Semilir angin berhembus lembut menabuh daun, mengiringi ranting kecil pepohonan yang menari meliuk-liuk. Di langit, sinar mentari menelusup dari balik awan yang bergelayut. Menyapa ramah, kemudian mendekap hangat penghuninya.
Musim semi memang telah tiba. Tsukushi dan sumire juga tampak bermunculan di sela rerumputan. Kembali, ketakjuban bagi jiwa telah dibentangkan bahwa alam semesta turut tunduk dan patuh pada peran dalam setiap lakonNya. Di permukaan tanah, beragam warna bunga liar lain berpadu menghamparkan permadani indah. Sejuk mata memandang, jiwa seakan tak lagi dahaga.
Duhai...
Lihatlah pula sakura yang merekah di mana-mana. Kelopaknya berwarna putih, sedikit dihiasi semburat merah muda. Setiap tangkai itu sarat dipenuhi kuntum bunga hingga tampak berjuntaian ingin mencumbu tanah. Ketika angin menggoda, ia pun menggeliat manja.
Sakura di musim semi memang selalu menebar pesona. Kehadirannya tak pernah lupa dinantikan jutaan manusia di negerinya. Seperti biasa mereka duduk berkelompok di bawah pohon seraya menikmati keindahannya, bahkan tak peduli waktu siang atau malam. Tak jarang pula banyak yang bernyanyi-nyanyi atau sekedar mengabadikan kecantikannya. Memang sebuah fitrah bila manusia menyukai segala yang indah. Rasa ini akan membuahi putik-putik kasih, kemudian merekah menjadi bunga cinta yang bersemi di hati.
Indah...
Semua begitu indah mempesona. Sebuah kreasi di alam semesta yang menakjubkan dari Sang Pemilik Keindahan.
Namun, walaupun bunga sakura indah menawan, usianya tak pernah panjang. Satu persatu kelopaknya akan jatuh berguguran. Hanya berkisar selama dua pekan, punah lah semua. Pohonnya akan penuh daun saat musim panas, kemudian rontok ketika musim gugur menjelang. Sepanjang musim dingin, hanya dahan dan rantingnya yang tersisa. Sakura akan mekar ketika musim semi kembali tiba.
SubhanaLlah...
Tidakkah bunga sakura yang merekah sebenarnya sebuah tausyiah bagi hati kita. Meski usianya begitu singkat, tak pernah menghalanginya untuk menebarkan keindahan yang dimiliki. Umpama sepasang kekasih yang telah menjalin ikatan suci, persembahan terbaik dan terindah selama hidup di muka bumi hanya tersaji untuk yang dicintai.

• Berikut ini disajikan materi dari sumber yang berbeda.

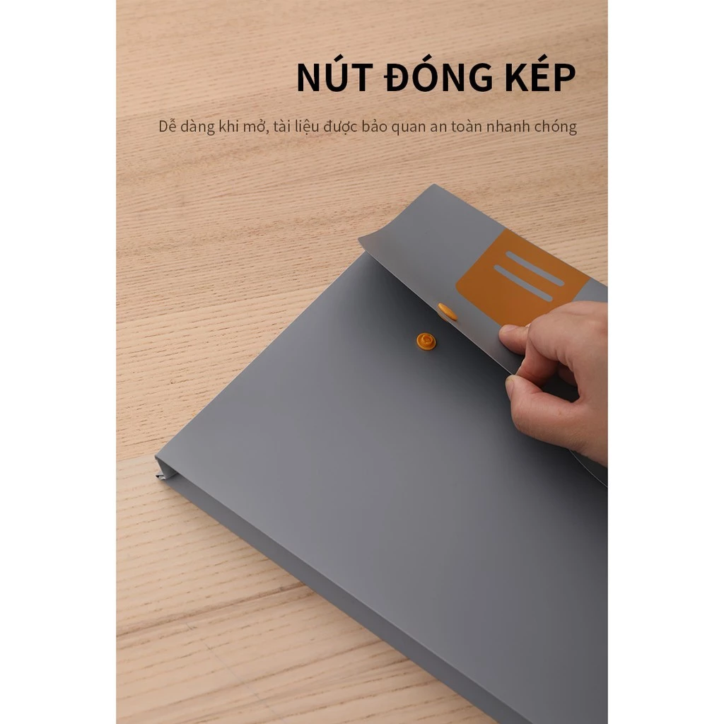 Chất liệu nhựa bền bỉ: Được làm từ nhựa PP chất lượng cao, cặp có khả năng chịu va đập tốt, chống thấm nước hiệu quả. Bạn có thể yên tâm mang theo tài liệu dưới trời mưa nhẹ mà không lo giấy tờ bên trong bị ướt.
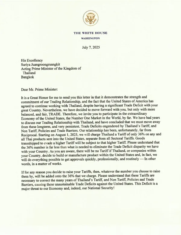 วันนี้ (8 ก.ค.2568) โดนัลด์ ทรัมป์ ประธานาธิบดีสหรัฐอเมริกา ได้โพสต์หนังสือผ่าน Truth Social ที่ส่งถึงประเทศต่างๆ รวมถึงประเทศไทย เพื่อแจ้งอัตราภาษี โดยประเทศต่าง ๆ อย่างน้อย 14 ประเทศจะถูกเรียกเก็บภาษีศุลกากรตั้งแต่วันที่ 1 ส.ค. โดยจะมีบางประเทศถูกเรียกเก็บภาษีในอัตราที่สูงขึ้น สำหรับประเทศไทยจะถูกเรียกเก็บภาษีในอัตรา 36% ไม่เปลี่ยนแปลงจากที่ได้ประกาศไว้เมื่อวันที่ 2 เม.ย.

Bagai sakura yang telah menyandang keindahan selama mekar kuntum bunganya, bukankah seyogyanya juga manusia mesti memberikan yang terbaik sepanjang hidupnya. Tak henti menebarkan rasa cinta dan kasih sayang dalam segala akhlaq serta tingkah laku, hingga kematian itu nanti menghampiri kita. Karena sebagai insan kita tak pernah tahu hingga kapan umur ini diamanahkan.
Jikalau cinta bagi sakura adalah mekar mempesona ketika musim semi tiba, maka cinta bagi seorang hambaNya adalah senantiasa merundukkan hati dan raga. Pasrah, seraya meratakan kening pada hamparan sajadah. Meneteskan air mata kerinduan serta tak pernah lelah merengkuh dari Sang Pemiliknya.
Wallahu a’lamu bish-shawaab.
*MERENGKUH CINTA DALAM BUAIAN PENA*
Al-Hubb FiLlah wa LiLlah,
Abu Aufa
Catatan:
Tsukushi: sejenis rumput yang muncul ketika musim semi tiba, batangnya tegak dan menggelembung di bagian atas.
Sumire: bunga kecil berwarna ungu yang juga akan terlihat di sela rerumputan saat musim semi menjelang.
Tausyiah ini adalah hasil editing dari tulisan promo buku Sapa Cinta dari Negeri Sakura.